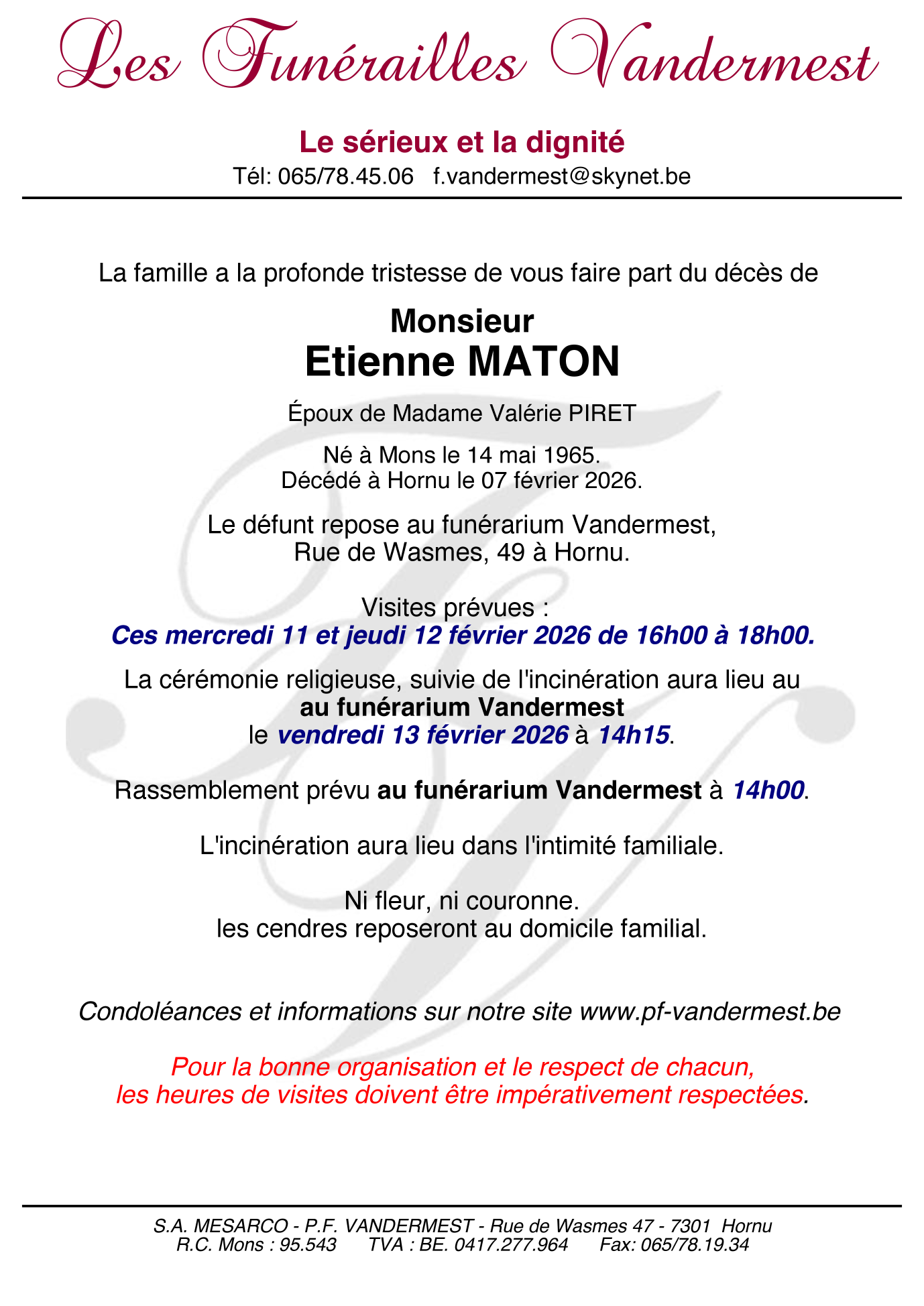 Décédé à Hornu (7301) le samedi 7 février 2026 à l'âge de 60 ans
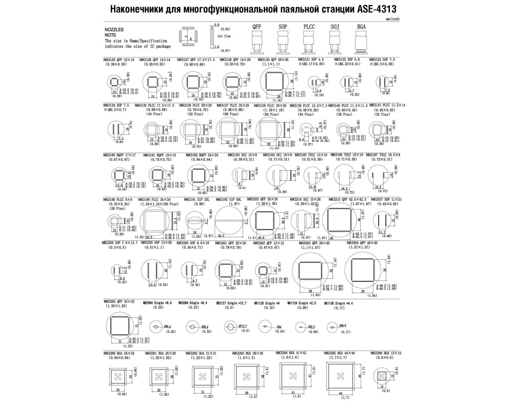 Сопло для термофена паяльных станций ASE-4313, ASE-4506, ASE-4212. Форма сопла - квадратная, для пайки микросхем типа PLCC (28 ножки). Размеры сопла: 10 х 10 мм (0,39" х 0,39"). Материал: беcкислородная медь с никель-хромовым покрытием. Рабочая температура ..
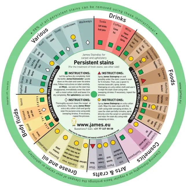 მათ შორის წითელი ღვინო, ყავა, შოკოლადი, სისხლი, კოსმეტიკა, ცხიმოვანი ლაქები...
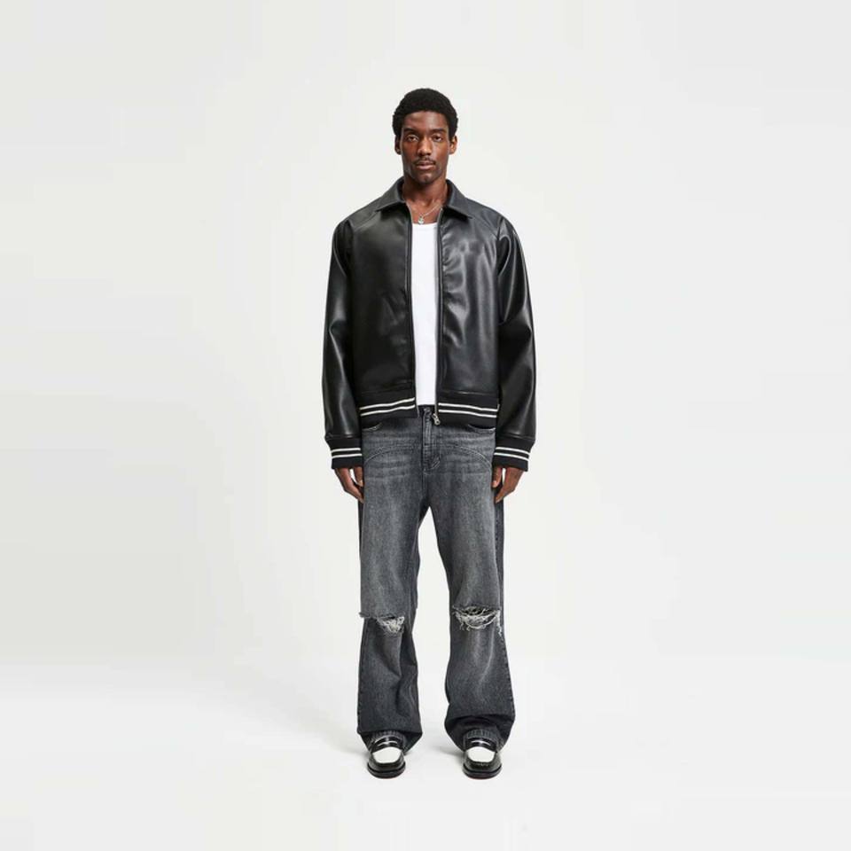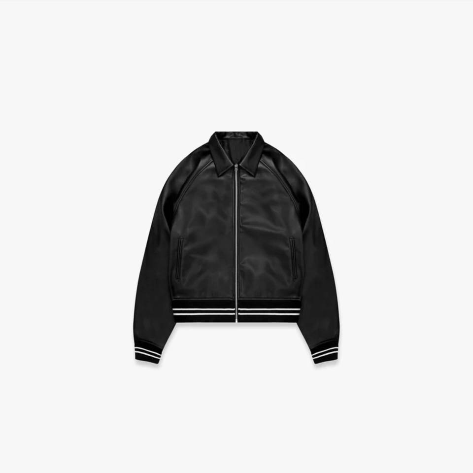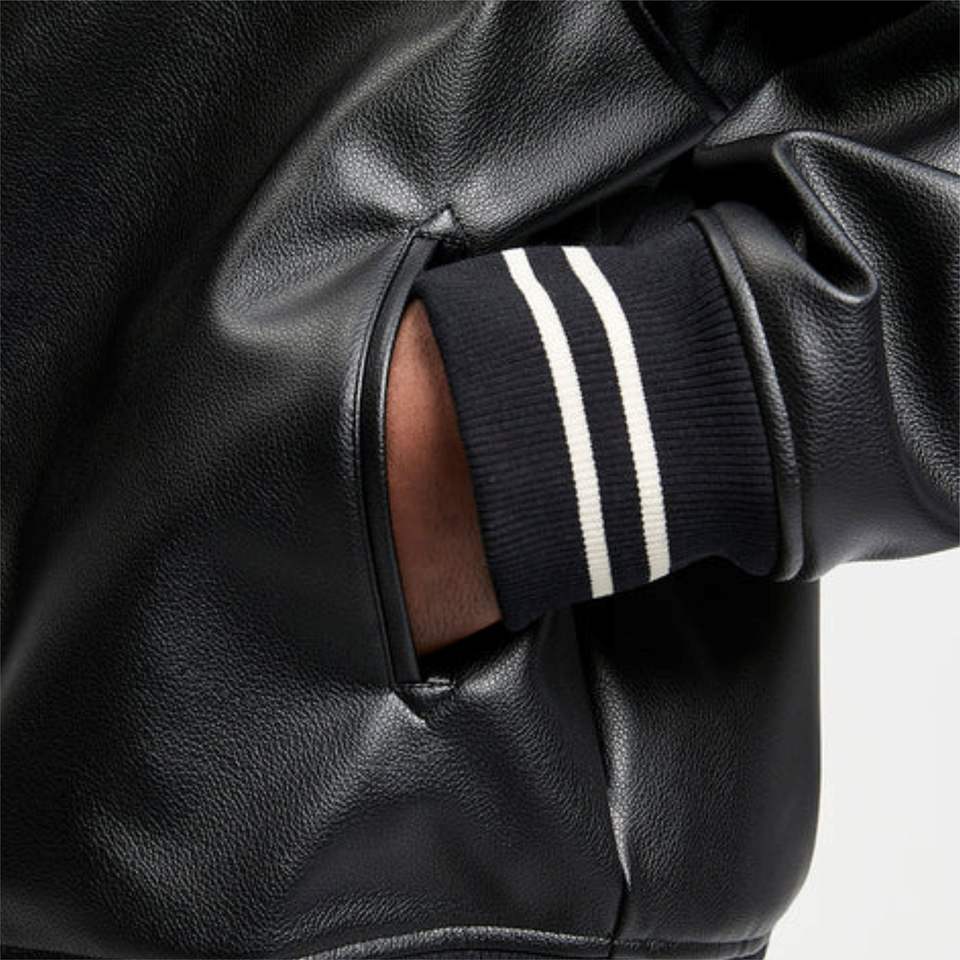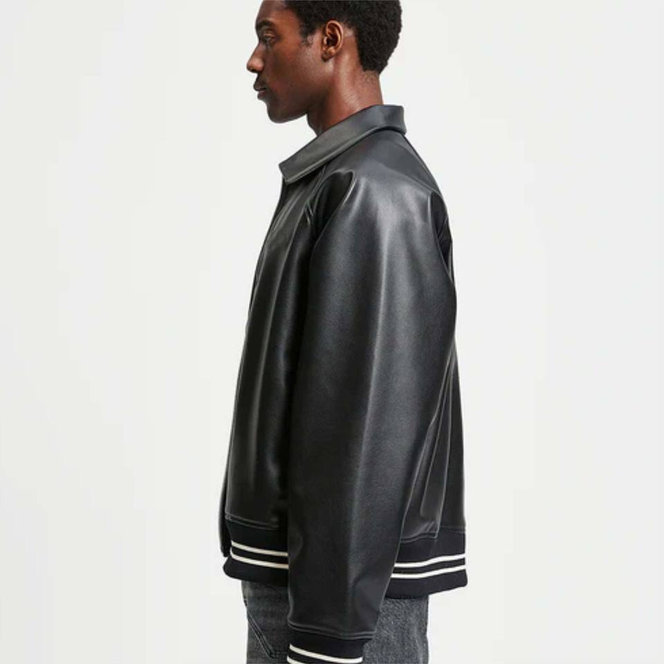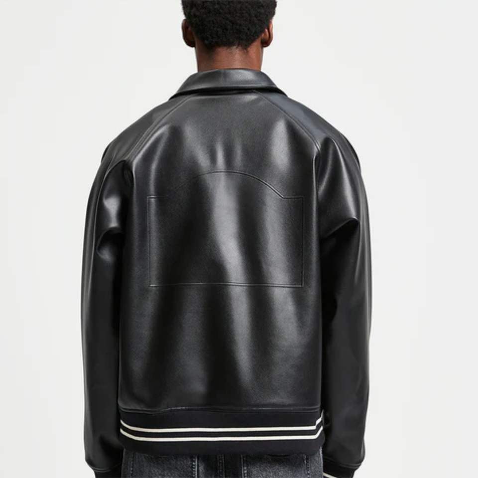 Leather Bomber Jacket Black, Vegan Leather with Embossed Back Design, Ribbed Cuffs, and Zipper

▶ [ASSIGNMENT] Before copying the data, remove the pictures. Then repeat the rest exactly.

▶ [TASK ANSWER]
 Décédé à Hornu (7301) le samedi 7 février 2026 à l'âge de 60 ans
 Сопло для термофена паяльных станций ASE-4313, ASE-4506, ASE-4212. Форма сопла - квадратная, для пайки микросхем типа PLCC (28 ножки). Размеры сопла: 10 х 10 мм (0,39" х 0,39"). Материал: беcкислородная медь с никель-хромовым покрытием. Рабочая температура ..
 მათ შორის წითელი ღვინო, ყავა, შოკოლადი, სისხლი, კოსმეტიკა, ცხიმოვანი ლაქები...
 Leather Bomber Jacket Black, Vegan Leather with Embossed Back Design, Ribbed Cuffs, and Zipper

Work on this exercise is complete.